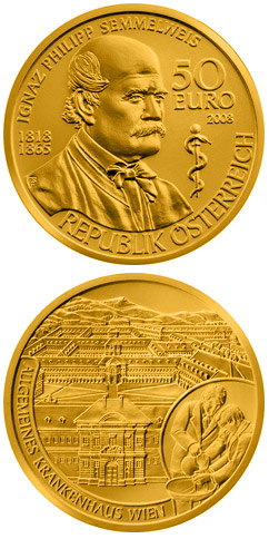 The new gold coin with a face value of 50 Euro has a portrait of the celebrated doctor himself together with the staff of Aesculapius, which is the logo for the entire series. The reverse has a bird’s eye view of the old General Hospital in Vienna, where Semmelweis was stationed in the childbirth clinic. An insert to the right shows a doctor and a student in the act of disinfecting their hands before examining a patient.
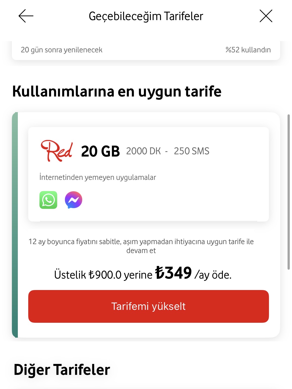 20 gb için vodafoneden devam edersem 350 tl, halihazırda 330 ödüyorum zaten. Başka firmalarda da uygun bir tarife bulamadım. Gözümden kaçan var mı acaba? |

────────────────────────────────────────

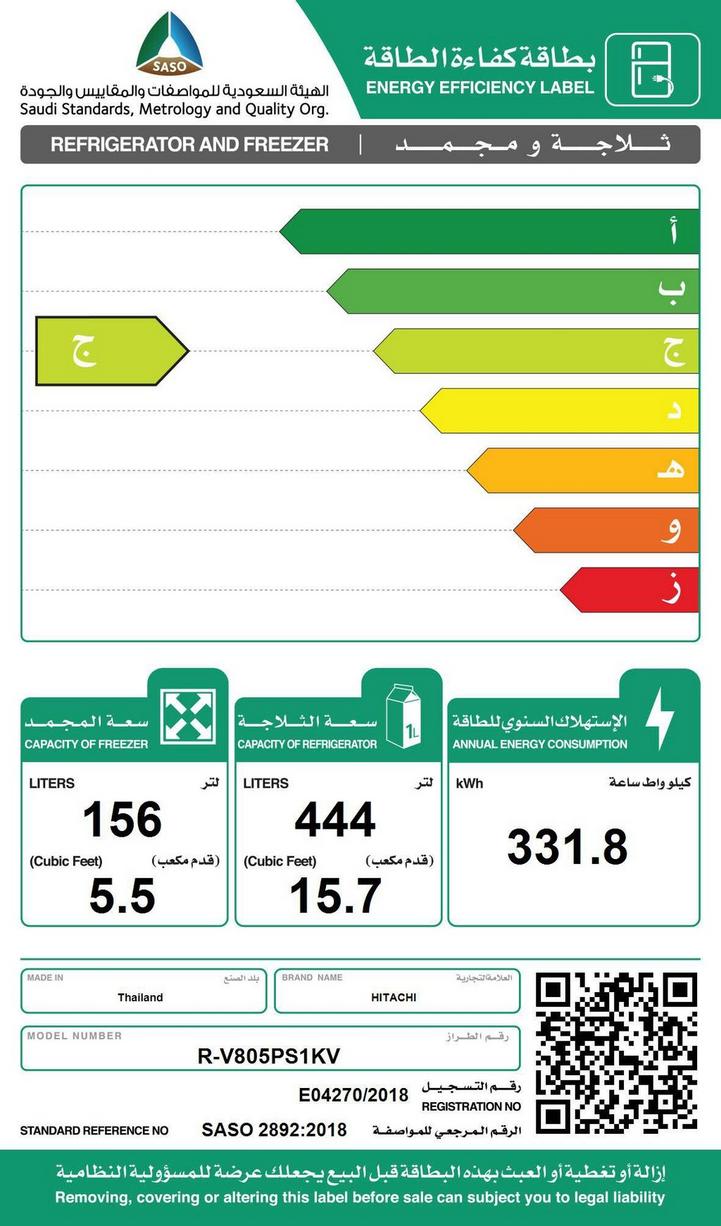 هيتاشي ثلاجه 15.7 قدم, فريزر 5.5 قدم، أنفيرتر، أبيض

────────────────────────────────────────

▸ **TASK TO COMPLETE**
From the data above, retype only the lines starting with the line with "The new gold" and going on through the line with "20 gb için vodafoneden", exactly, leaving out the pictures.

▸ **EXPECTED ANSWER**
 The new gold coin with a face value of 50 Euro has a portrait of the celebrated doctor himself together with the staff of Aesculapius, which is the logo for the entire series. The reverse has a bird’s eye view of the old General Hospital in Vienna, where Semmelweis was stationed in the childbirth clinic. An insert to the right shows a doctor and a student in the act of disinfecting their hands before examining a patient.
 20 gb için vodafoneden devam edersem 350 tl, halihazırda 330 ödüyorum zaten. Başka firmalarda da uygun bir tarife bulamadım. Gözümden kaçan var mı acaba? |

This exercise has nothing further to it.